**Record extracts**
= Beginning of Section =

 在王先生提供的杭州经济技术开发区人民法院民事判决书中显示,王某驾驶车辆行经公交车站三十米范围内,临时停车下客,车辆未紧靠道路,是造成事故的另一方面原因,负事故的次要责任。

= End of Section =
= Beginning of Section =

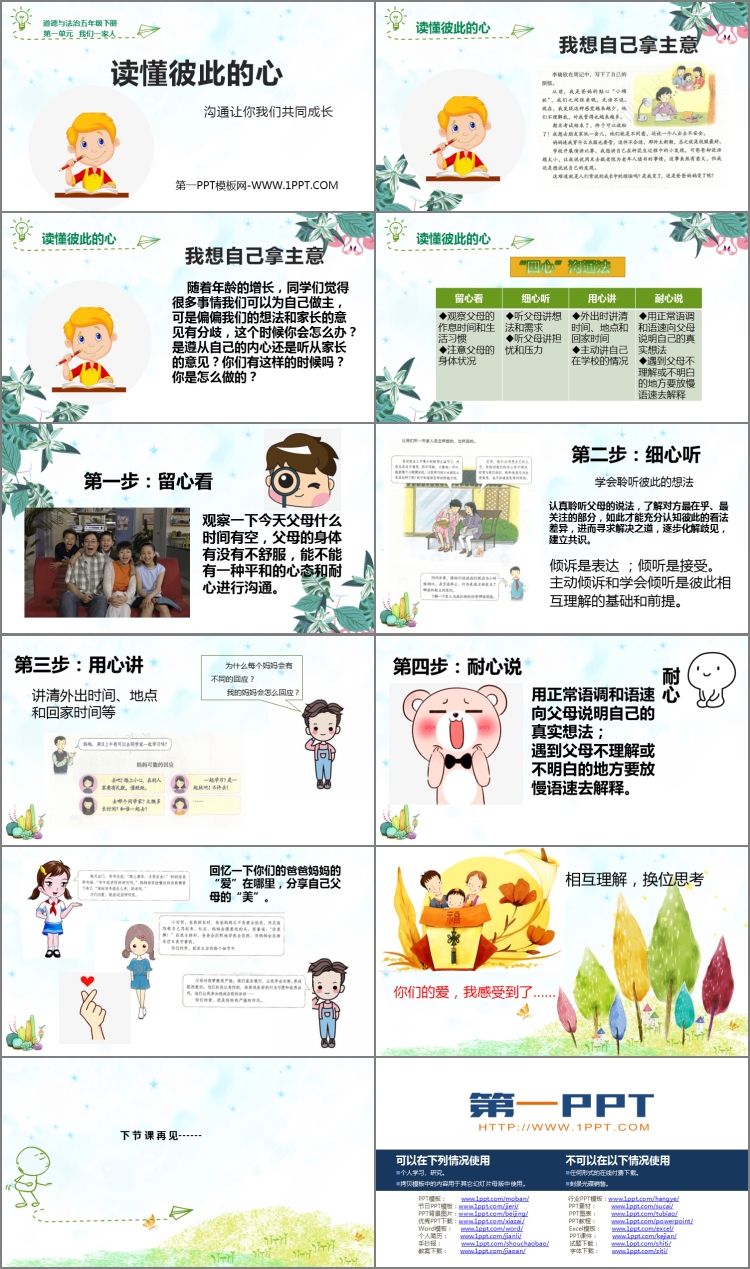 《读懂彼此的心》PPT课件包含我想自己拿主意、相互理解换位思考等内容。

= End of Section =
= Beginning of Section =

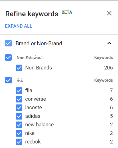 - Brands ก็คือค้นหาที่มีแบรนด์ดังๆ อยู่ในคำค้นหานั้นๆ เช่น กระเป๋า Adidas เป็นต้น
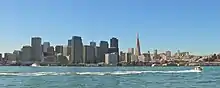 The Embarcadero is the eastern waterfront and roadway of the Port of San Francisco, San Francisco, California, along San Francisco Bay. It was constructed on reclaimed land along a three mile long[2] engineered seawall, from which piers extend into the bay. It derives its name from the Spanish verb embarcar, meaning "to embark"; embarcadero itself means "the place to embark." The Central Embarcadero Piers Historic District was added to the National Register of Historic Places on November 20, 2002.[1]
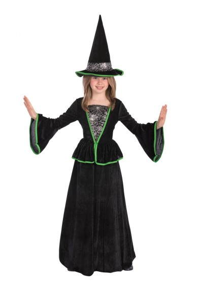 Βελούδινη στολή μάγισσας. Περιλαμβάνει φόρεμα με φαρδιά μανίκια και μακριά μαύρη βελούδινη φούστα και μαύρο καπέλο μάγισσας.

= End of Section =

**The problem**
Using the entries above, transcribe every line from the line containing "- Brands ก็คือค้นหาที่มีแบรนด์ดังๆ" through the line containing "Βελούδινη στολή μάγισσας.". Do not copy pictures.

**Response**
 - Brands ก็คือค้นหาที่มีแบรนด์ดังๆ อยู่ในคำค้นหานั้นๆ เช่น กระเป๋า Adidas เป็นต้น
 The Embarcadero is the eastern waterfront and roadway of the Port of San Francisco, San Francisco, California, along San Francisco Bay. It was constructed on reclaimed land along a three mile long[2] engineered seawall, from which piers extend into the bay. It derives its name from the Spanish verb embarcar, meaning "to embark"; embarcadero itself means "the place to embark." The Central Embarcadero Piers Historic District was added to the National Register of Historic Places on November 20, 2002.[1]
 Βελούδινη στολή μάγισσας. Περιλαμβάνει φόρεμα με φαρδιά μανίκια και μακριά μαύρη βελούδινη φούστα και μαύρο καπέλο μάγισσας.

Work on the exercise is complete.